#### TASK DETAILS:
Within the entries below, the lines from the one with "一方、修理費の上限が5500" through the one with "Kolczyki miedziane z bursztynem" are to be set down exactly, both ends kept.

#### MATERIALS PROVIDED:
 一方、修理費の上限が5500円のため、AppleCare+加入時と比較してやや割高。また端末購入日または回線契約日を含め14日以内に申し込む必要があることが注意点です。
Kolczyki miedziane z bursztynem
* * *
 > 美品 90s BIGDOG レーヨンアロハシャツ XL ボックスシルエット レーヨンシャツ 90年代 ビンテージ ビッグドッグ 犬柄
==
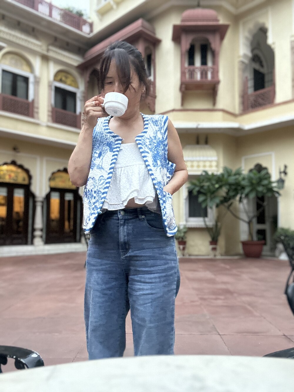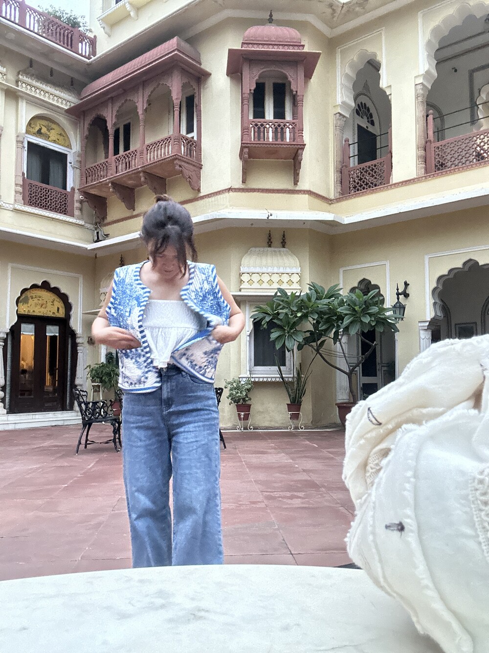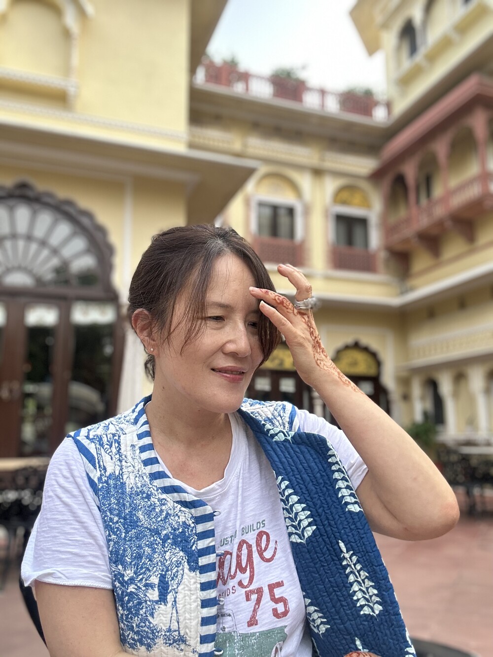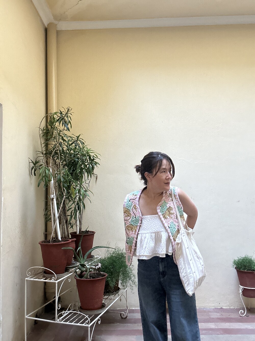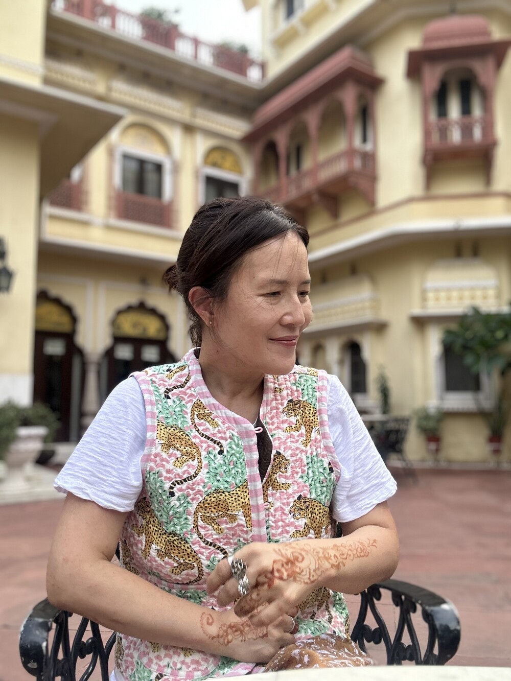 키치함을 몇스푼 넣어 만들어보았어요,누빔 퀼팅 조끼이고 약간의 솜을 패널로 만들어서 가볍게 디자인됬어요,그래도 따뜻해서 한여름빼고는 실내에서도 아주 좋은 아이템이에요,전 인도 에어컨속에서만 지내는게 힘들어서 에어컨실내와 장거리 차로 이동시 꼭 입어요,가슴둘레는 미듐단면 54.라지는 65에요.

#### REPLY TO THE TASK:
 一方、修理費の上限が5500円のため、AppleCare+加入時と比較してやや割高。また端末購入日または回線契約日を含め14日以内に申し込む必要があることが注意点です。
Kolczyki miedziane z bursztynem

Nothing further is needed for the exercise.